Then monitor. Every decision the Claims Decision Agent makes needs to be traceable. For insurance claims, that's not optional — it's a business and regulatory requirement. Application Insights traces give you a complete record: what data the agent received, which tools it called, and exactly what it recommended. When an auditor asks why CLM-003 was sent for investigation, that trace is your answer.
Then evaluate. Two claims with the same fraud score and document completeness should get the same recommendation. Evaluation gives you a repeatable way to check that they do — and catches it when a prompt update breaks that consistency before it affects real claims.
Then deploy. The portal workflow connects triage to decision, processes a full claims batch, and produces a report that compliance teams can sign off on. That's the difference between a demo and something you'd put in front of an actual adjuster.
Architecture¶

Next Steps¶
Completing these challenges gives you a working multi-agent system with observability and evaluation in place.
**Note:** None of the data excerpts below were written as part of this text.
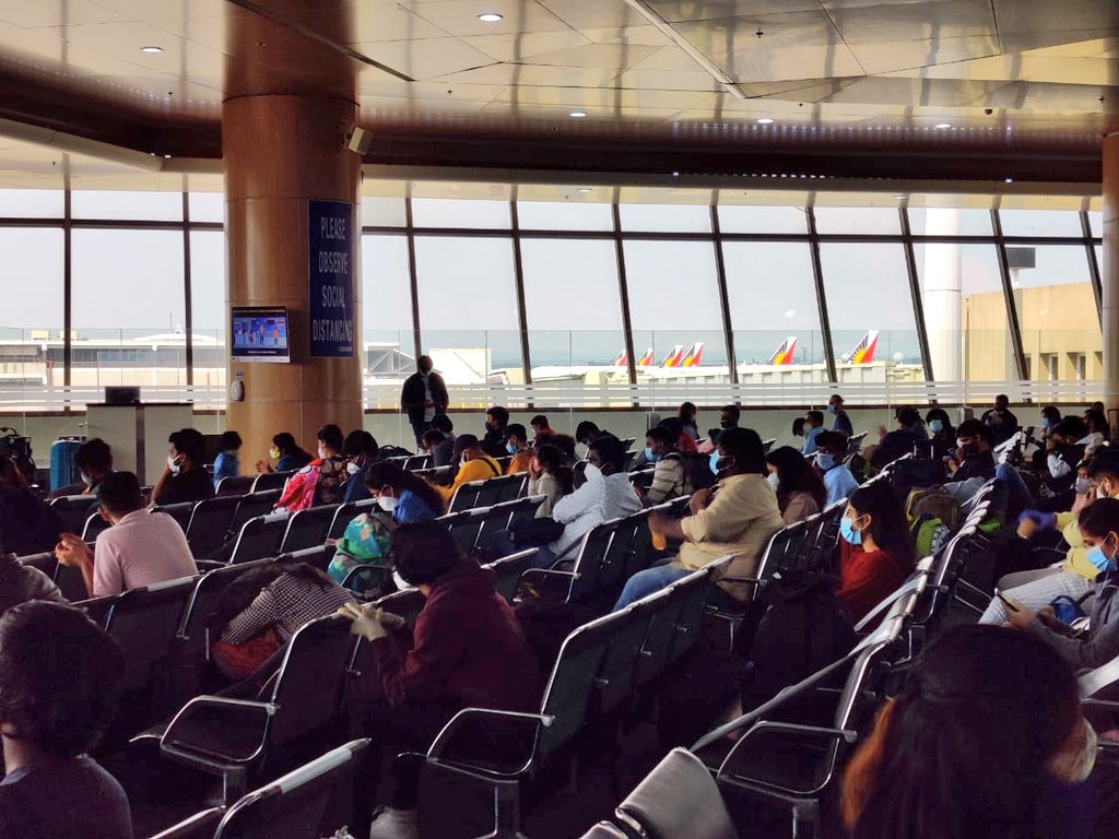 Passengers of Air India AI 1313 bound from Manila to Hyderabad begin their immigration formalities at Ninoy Aquino International Airport in Manila on 25 July 2020.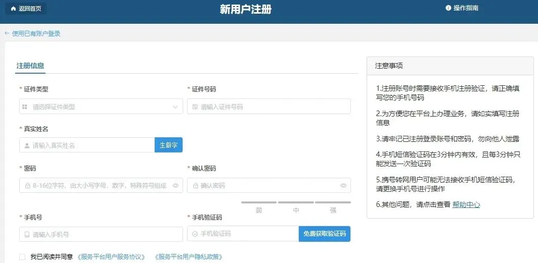 然后进入到新用户注册界面,准确输入本人证件类型、证件号码、姓名及手机号码并认真核对。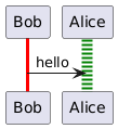 @startuml <STYLE> sequenceDiagram { .bob_style { ShowStereotype false Lifeline { linecolor red linestyle solid lineThickness 3 } } .alice_style { ShowStereotype false Lifeline { linecolor green linestyle 2 lineThickness 10 } } } </STYLE> participant Bob <<bob_style>> participant Alice <<alice_style>> Bob -> Alice : hello @enduml
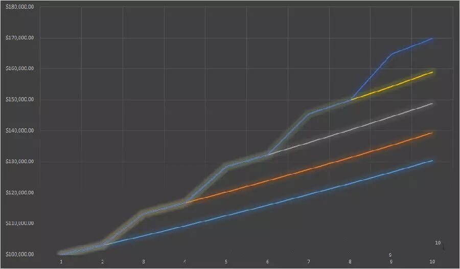 在美国,假设一个人的职涯持续十年,他每年平均加薪 3%,换工作的待遇则平均加薪 10%。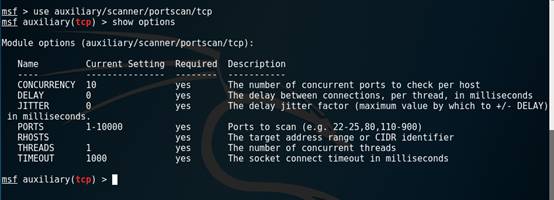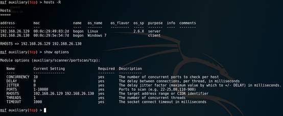 使用我们前面的例子的输出,我们将它提供给'tcp'扫描辅助模块。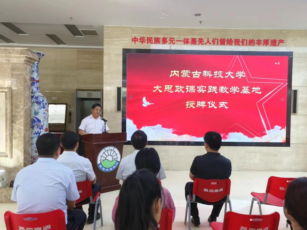 8月22日,伟德源自英国始于1946与土右旗“大思政课”实践教学基地授牌仪式在土右旗敕勒川博物馆举行。校党委副书记冯志强,统战部副部长王秀莉,马克思主义学院院长张光存、副书记副院长柴艳莎,土右旗旗委副书记张慧东,统战部副部长、民委主任王猛,土右旗敕勒川博物馆、文投公司、九峰山生态管委会等部门主要负责人和伟德官网教师代表共同参加授牌仪式。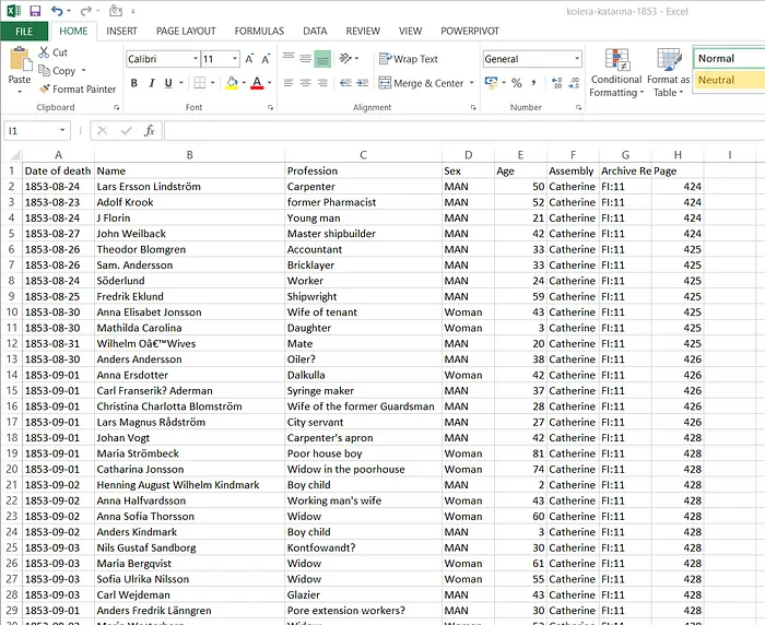 The Dataset used in this Analysis may be limited in several ways because it was collected in a church environment by writing. The data was put together in Saint Catherine Parish in Stockholm. The data contained a total of 8 columns and 248 rows with each row containing information of a victim that died as a result of cholera outbreak in the community. The colums hold information about:
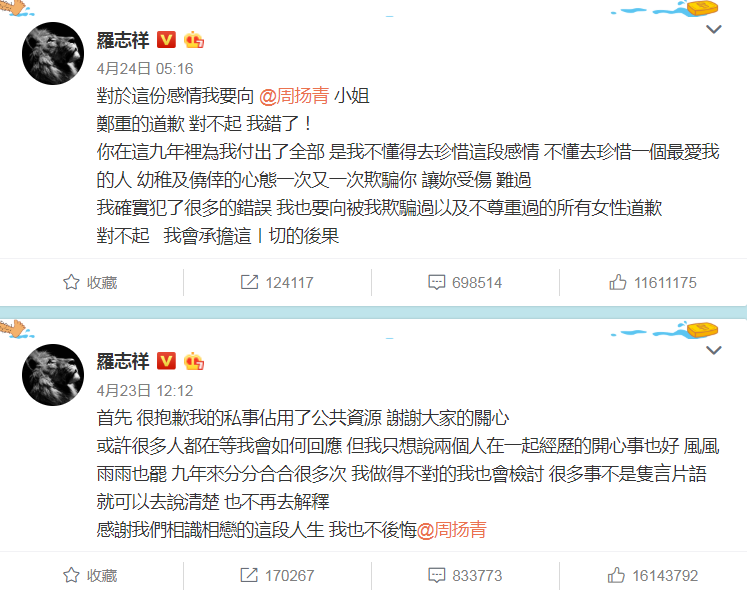 在周扬青发文后二十四小时内,罗志祥连发两文致歉。然而并未得到周扬青的原谅,被多平台取关并被暗怼洗白。与此同时,罗志祥被锤私生活混乱,事业受到严重打击。
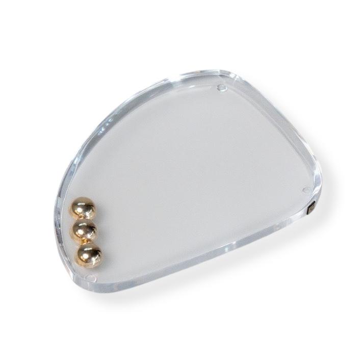 Com um design elegante e contemporâneo, nossa bandeja de acrílico é o toque de sofisticação que faltava na sua decoração. Produzida em acrílico transparente de alta qualidade, ela traz um formato orgânico moderno e conta com esferas metálicas douradas que adicionam charme e exclusividade à peça.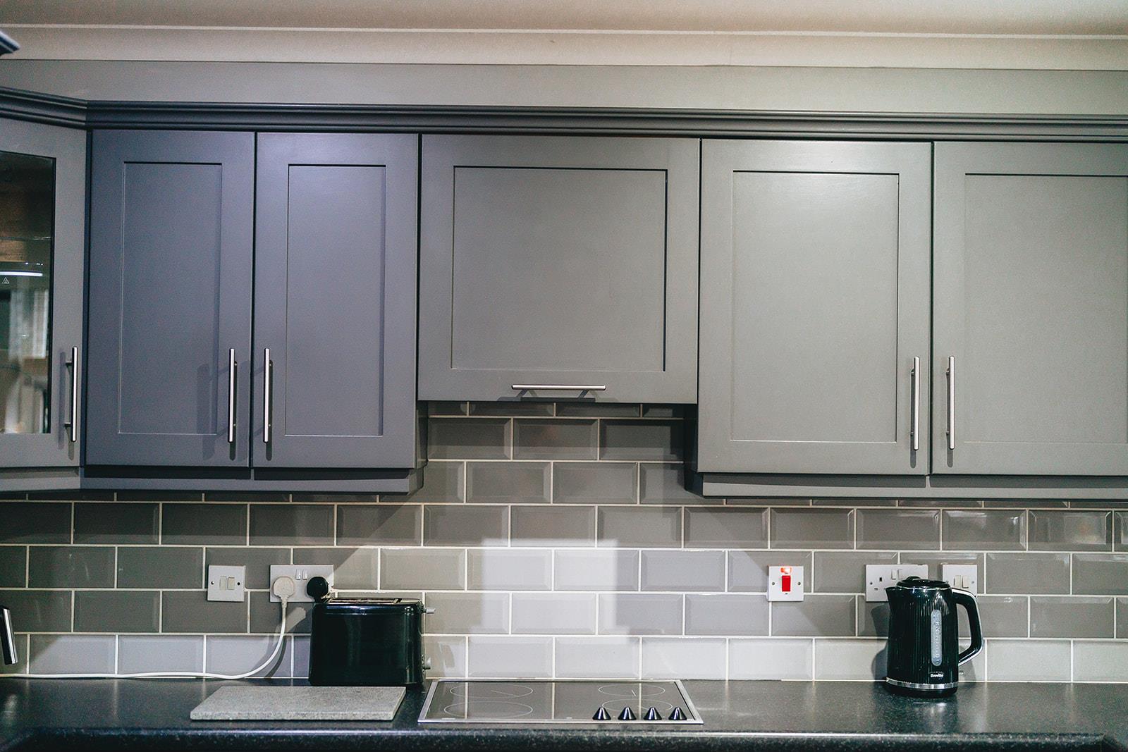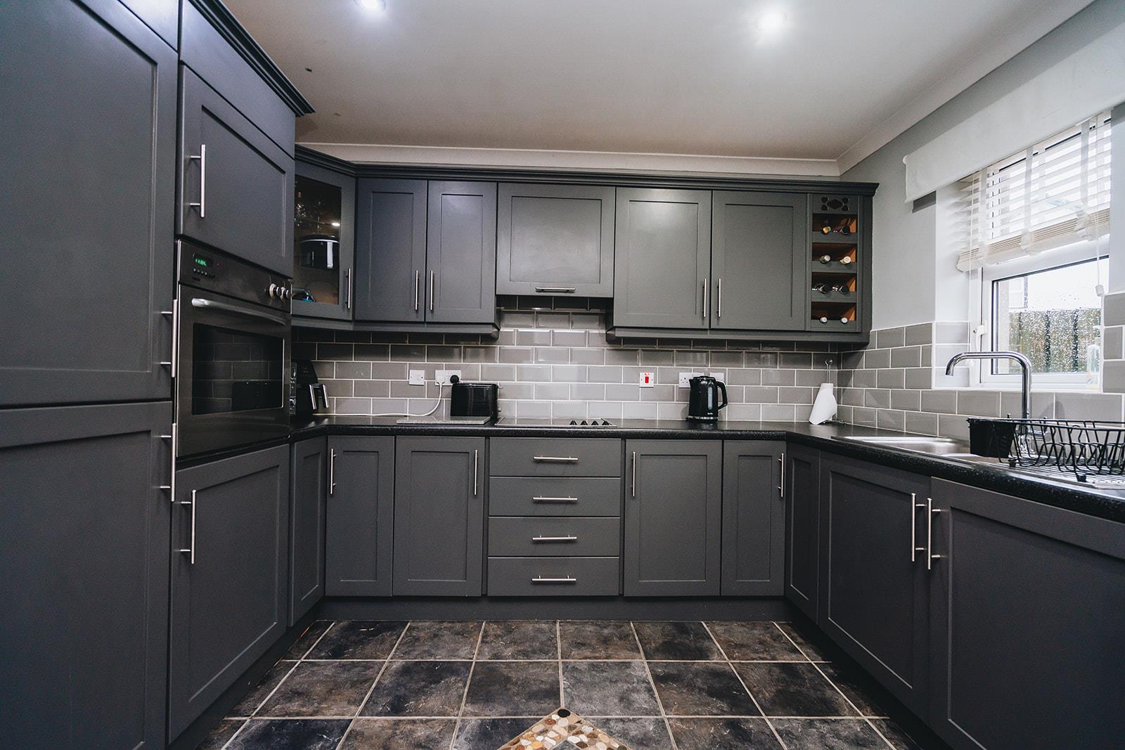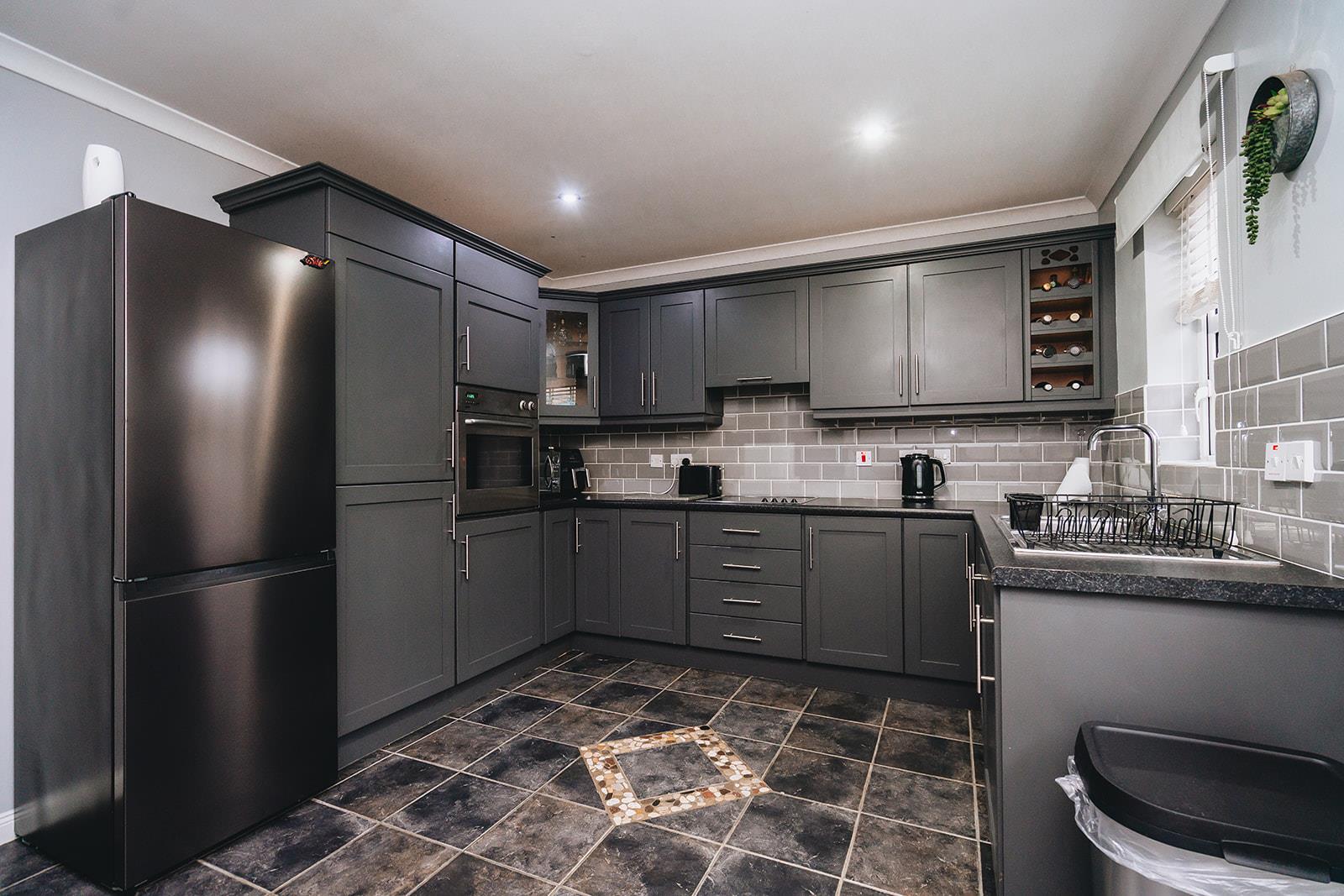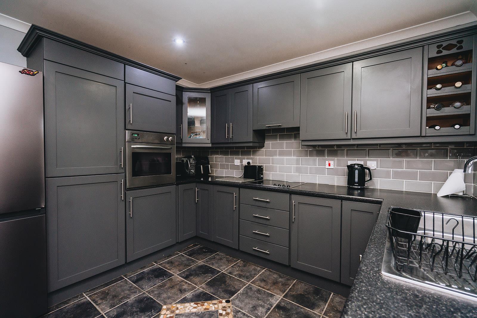 Comprising a range of high and low level units, laminated worksurface incorporating stainless steel sink inset, tiled above worktop, tiled floor, oil fired burner, plumbed for washing machine and space for tumble dryer.

Here are the directions you can take it further:
Deploy as a hosted agent endpoint Microsoft Foundry can host your agents as persistent, scalable API endpoints — no infrastructure to manage. Once hosted, your claims intake system can submit new claims directly to the Triage Agent and receive a structured decision (approve / investigate / request documents / deny) without any manual triage step.
Add more tools to your agents
The assess_claim function in this lab uses local mock data. In production you'd replace it with tools that call real systems:
- A fetch_policy tool querying your policy management system for the exact coverage terms, exclusions, and limits applicable to a specific claim
- A check_fraud_database tool querying a fraud intelligence service for known patterns matching the claimant's history
- A request_documents tool that automatically triggers a document request workflow in your DMS when the agent recommends it
Build a knowledge base Upload ClaimSight's insurance policy documents, regulatory compliance guidelines, and fraud pattern library to a Microsoft Foundry knowledge base. Attach it to the Claims Decision Agent as a File Search tool so its recommendations cite actual policy language — producing decisions that are auditable and defensible to regulators.
Integrate evaluations into CI/CD Run your evaluation dataset automatically on every pull request or deployment. If the coherence or relevance score drops below a threshold (e.g. 3.5 out of 5), block the release. In a regulated industry, this isn't just good practice — it's the kind of quality gate that compliance and audit teams expect to see documented.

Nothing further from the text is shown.